At some point, science’s self-correcting machinery—and the brilliance and curiosity of a new generation of researchers—will win out. It is time to widen the lens.
Endnotes:
[1] I keep name-dropping journals (almost always Nature and Science) and realize that this means little to most people. Nevertheless, having a passing understanding of the tiers of academic publishing is part of scientific literacy.
If you've ever wondered why scientists scramble to publish in Nature, Science, or Cell, think of them as the holy trinity of scientific prestige, each with its own personality. Nature and Science were established in the late 1800s—Nature published by the Brits and Science by the American upstarts. Cell is the newcomer; established in 1974 in Cambridge, Massachusetts.

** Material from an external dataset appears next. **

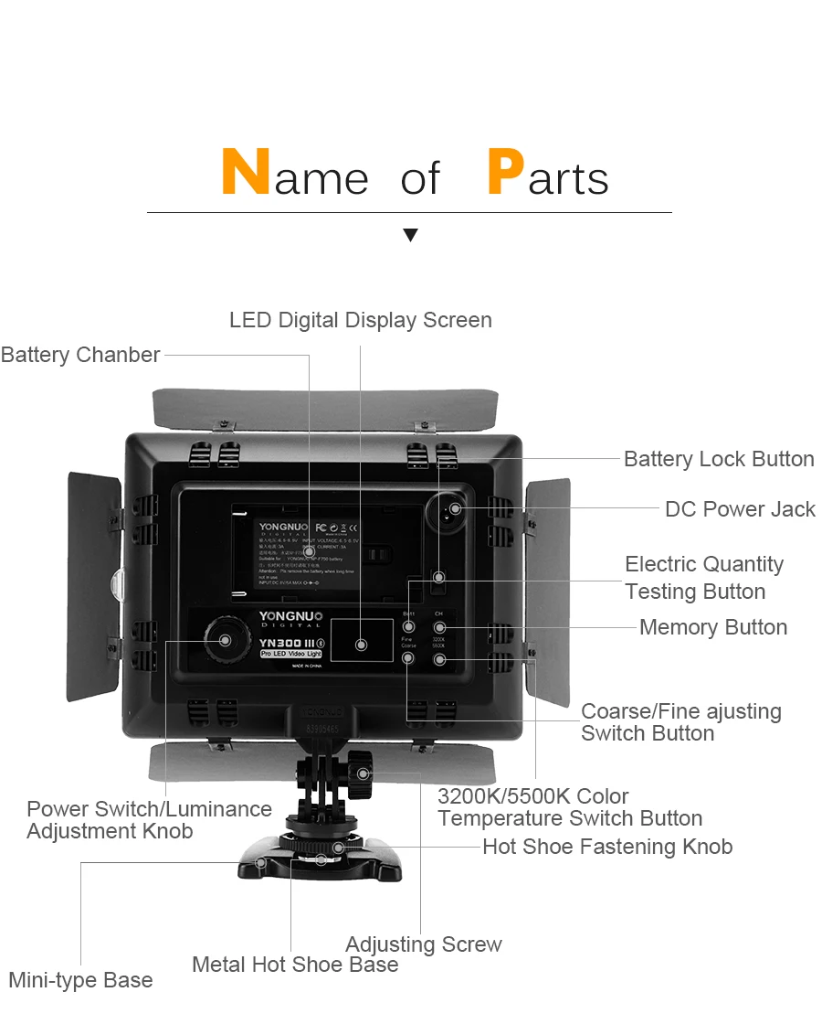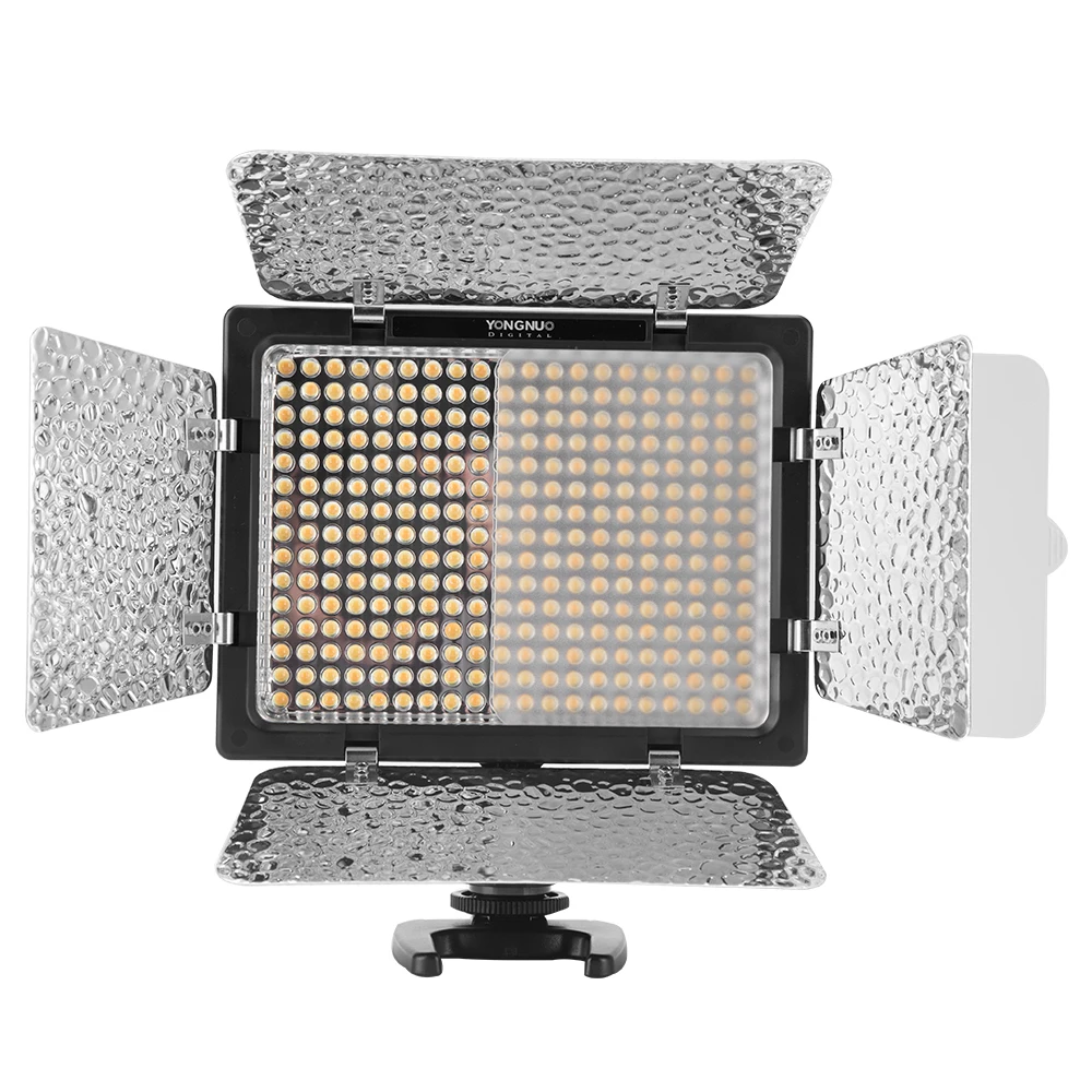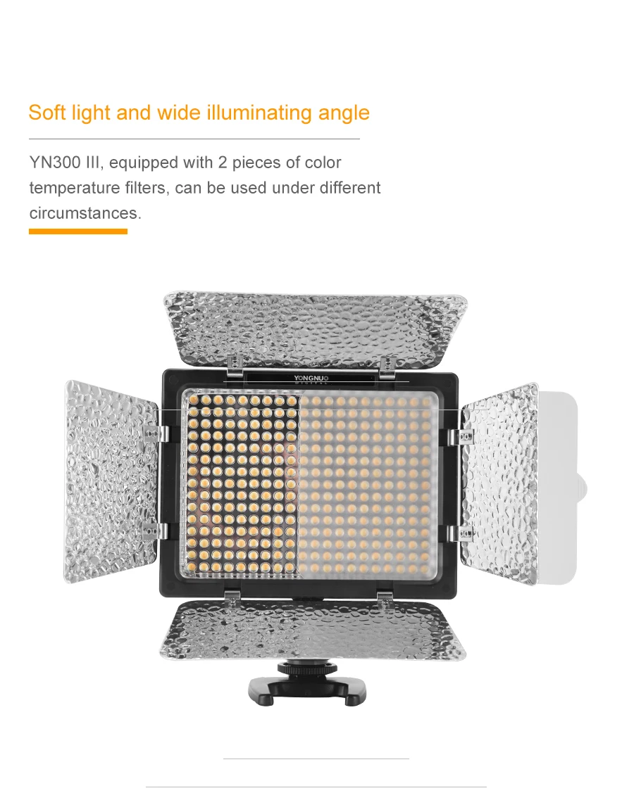 3.YN300 III состоит из 150 светодиодный ламповых бусин с цветовой температурой 3200k и еще 150 светодиодный ламповых бусин с цветовой температурой 5500k, которые являются высококачественными ламповыми бусинами сверхбольших светящихся чипов, С более высокой яркостью в одинаковом энергопотреблении. Цветовая температура может быть скорректирована с 3200-5500K по мере необходимости, с более практичным использованием.

In terms of temperament, Nature is the flashy cosmopolitan—broad, attention-grabbing, and often favouring "sexy science" that makes headlines (black holes, CRISPR, or ancient human fossils). Science is the serious, translationally-minded intellectual—rigorous, respected, and slightly less obsessed with media hype (CRISPR before it was famous). Then there's Cell, the molecular biology workhorse, where groundbreaking discoveries in pre-clinical work are dissected in exquisite mechanistic detail (if you love signaling pathways, this is your jam). Publication in any of these journals is the scientific equivalent of winning an Olympic medal (or at least making an Olympic team, depending on your position in the author list).
One tier down, you'll find specialty journals like Neuron, Nature Neuroscience, and The Journal of Clinical Investigation (and reams of others for specific fields), which publish longer, more methodically comprehensive studies. I tend to prefer reading papers from these journals as they provide greater detail and present more fully developed work. These papers may not be as "hot off the press" or media-friendly, but they often demonstrate greater scientific rigor and better withstand the test of time.
Meanwhile, in medicine, The Lancet and The New England Journal of Medicine (NEJM) tower over most others with impact factors of 98.4 and 96.2, respectively (generally, the higher the impact factor the greater the prestige). This reflects their enormous readership—there are far more medical doctors than PhDs. But at the top, it’s CA: A Cancer Journal for Clinicians, with a staggering 286.13 impact factor, a reminder of cancer’s toll and where our research priorities and funding are concentrated.
[2] A brief note on terminology: I use the terms “necessity” and “sufficiency” here as they were traditionally understood by molecular biologists in the 1990s.
Strictly speaking, the terms originate in formal logic and philosophy, where they have precise meanings related to logical entailment: if P is sufficient for Q, then whenever P is true, Q must also be true; if Q is necessary for P, then P cannot be true unless Q is also true. These relationships are logical, not causal.
In experimental biology, however, the terms have been adapted into a more practical shorthand. A molecule is often described as “necessary” if removing it disrupts a biological process, and “sufficient” if adding it can induce or mimic that process. But this looser, causal usage rarely matches the strict logical rigor the terms imply—and it can obscure complexity when used uncritically in systems with many interacting factors. Some have proposed retiring or replacing these terms altogether in favour of more nuance.
Nevertheless, for the purposes of this review (and to remain faithful to how the field understood these concepts at the time) I use “necessity” and “sufficiency” in the conventional experimental sense: as shorthand for causal roles a factor was believed to play—whether it could trigger a process or was required to sustain it.